Sanguineti, Alberto Moravia, Mursia, Milano, 1962.
[1] Tutte le
citazioni, dove non specificatamente segnalato, sono tratte da A. Moravia, Gli indifferenti, Bompiani, Milano, 2008.
[2] S. Guarnieri, Cinquant’anni
di narrativa in Italia, Firenze, 1953, p. 367.
[3]
A Bressanone Moravia comincia a scrivere Gli indifferenti, il romanzo al
quale avrebbe dedicato ben tre anni di lavoro. Lo pubblicherà a proprie spese
con la casa editrice Alpes di Cesare Giardini – “Allora andai da mio
padre e dissi: ‘Guarda che loro vogliono che io paghi’. ‘Quanto?’ mi rispose
tranquillamente. ‘Cinquemila lire’. Ta, ta, ta… Pagò subito, senza dire una
parola” racconterà lo stesso scrittore anni dopo ad A. Elkann – e si rivelerà
una scommessa vincente: 1.300 copie esaurite nel giro di poche settimane.

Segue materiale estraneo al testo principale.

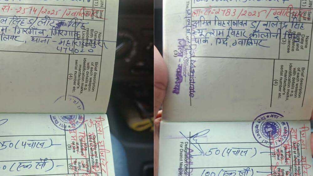ग्वालियर में ऐसे तीन पिस्टल लाइसेंस सामने आए हैं, जो मैन्युअली हाथ से लिखकर बनाए गए हैं। जबकि प्रदेश में अब गन लाइसेंस की ऑनलाइन प्रक्रिया लागू है और सॉफ्टवेयर बेस्ड सिस्टम से ही लाइसेंस जारी होते हैं।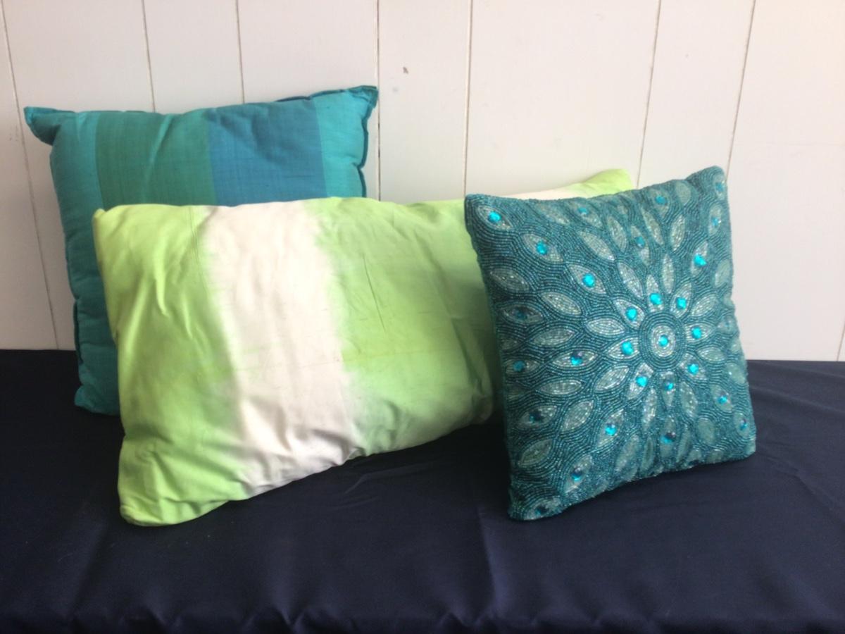 One green and white silk designer guild pillow, small square silk pillow , one beaded pillow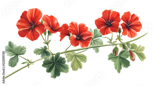 A Stunning Botanical Illustration of Bold Red Geranium Blooms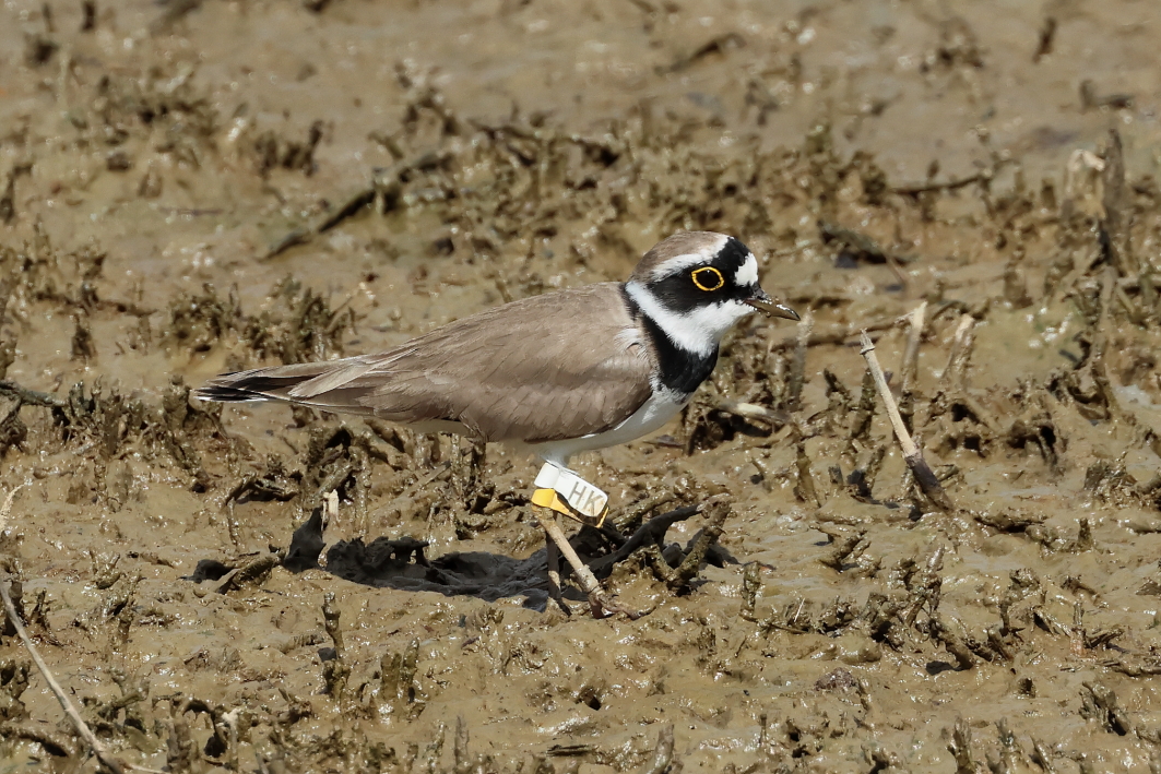 Little Ringed Plover HK was ringed on 5-Jan-2019 as an adult male. Previously reported 3 times: 11-Dec-2019, 28-Oct-2022 and 1-Nov-2022, both at Mai Po #16/17.

L’opera, in realtà, sarebbe dovuta uscire presso la rivista “900” come spiega
Moravia nella stessa intervista: “I novecentisti (Marcello Gallian, Aldo
Bizzarri, Pietro Solari, Paola Masino, Margherita Sarfatti) si erano impegnati
con Bontempelli a scrivere ciascuno un romanzo. Ma il solo che scrisse fui io.
Però l’editore di ‘900’ che avrebbe dovuto pubblicare i nostri romanzi, rifiutò
il mio, dopo averlo letto con la motivazione poco lusinghiera che c’era una
nebbia di parole”.
[4] A. Moravia, intervista su
“L’Espresso”, 2 Agosto 1959.
[5] E. Sanguineti, Alberto
Moravia, Mursia, Milano, 1962, p. 41.